The legislation will be part of a package of initiatives he will bring to state lawmakers when they convene Wednesday for the start of the 2006 General Assembly session.
The governor presented his plans at Glendale Elementary School in Anne Arundel County. The school was recently in the news after a quick-thinking secretary used the state's online registry to identify a man lurking on school property and alert authorities.
Among Ehrlich's proposals will be one that would make it illegal for a convicted child sex offender to enter school grounds without permission or live within 1,000 feet of a school or day-care facility.
Ehrlich (R) acknowledged that he will meet resistance from civil libertarians, comparing the trade-off to the one made when Congress passed the USA Patriot Act.
"I would ask everyone here not to indulge, but to listen to those concerns," Ehrlich said. "We're not going to demonize and demagogue those who have certain issues with this."

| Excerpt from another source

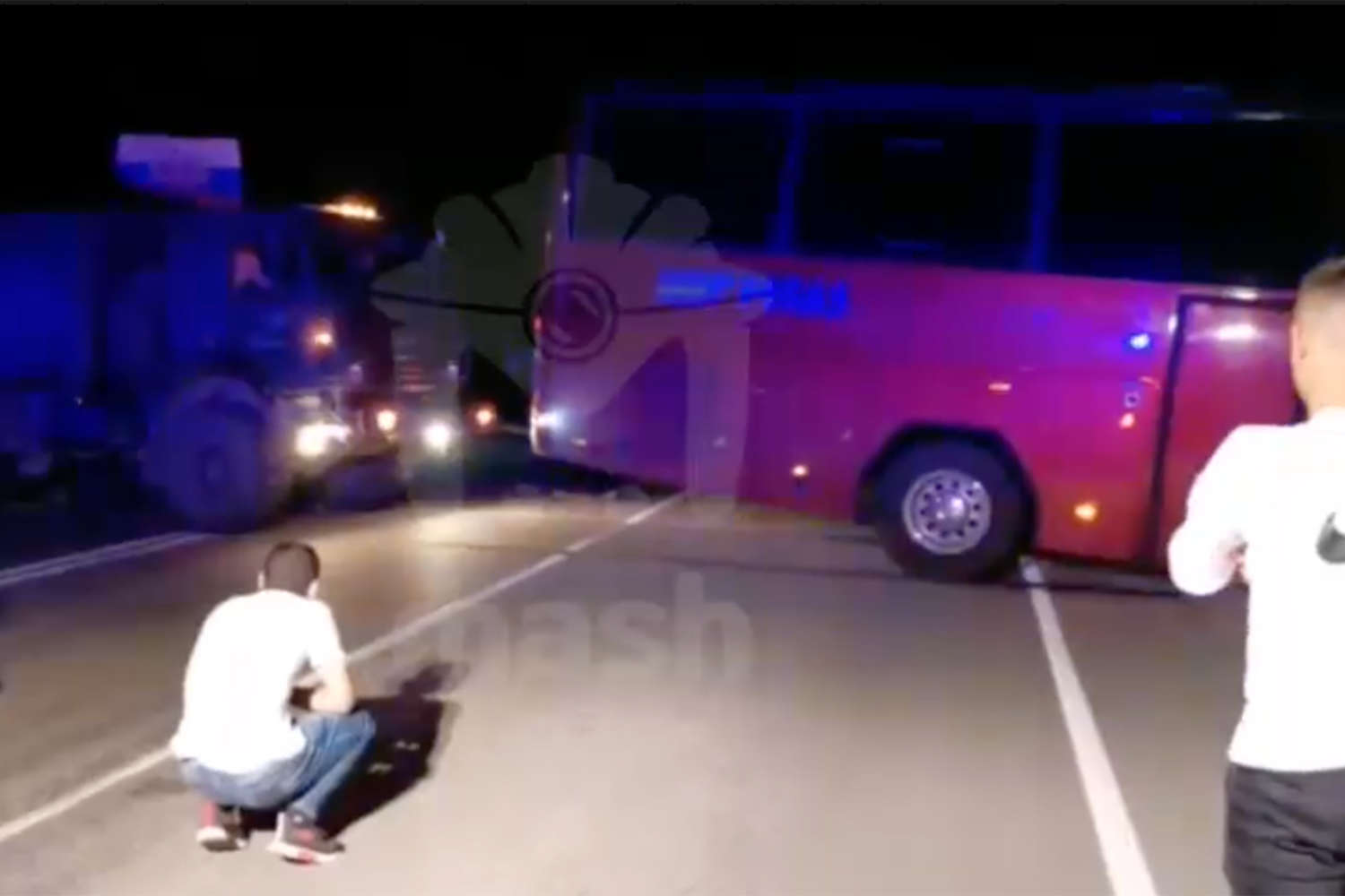 На обратном пути из Херсона автобус, в котором находилась группа «Земляне», попал в ДТП, сообщается в Telegram-канале «Mash на Донбассе».

There were both Republican and Democratic elected officials on hand for the announcement. Sen. Philip C. Jimeno (D-Anne Arundel) said the governor's proposals will be considered alongside those already offered by such Democrats as state Attorney General J. Joseph Curran Jr. and Baltimore Mayor Martin O'Malley.
In August, O'Malley, a Democratic contender for governor this year, proposed requiring child sex offenders -- whom O'Malley said cannot be rehabilitated -- to wear ankle bracelets for life that would allow law enforcement officials to track their locations with Global Positioning System technology. Florida is adopting that system.
At the announcement, O'Malley showed reporters how the city tracks garbage trucks using the same technology. Ehrlich announced a first set of recommendations days later.
At the time, Montgomery County Executive Douglas M. Duncan (D), another gubernatorial contender, criticized Ehrlich and O'Malley for playing politics with such a sensitive issue.
"This is not a partisan issue," said Jimeno, who sits on the Senate committee likely to hear the legislation. "I think we'll wind up with something that combines the best elements of all the ideas being put forward."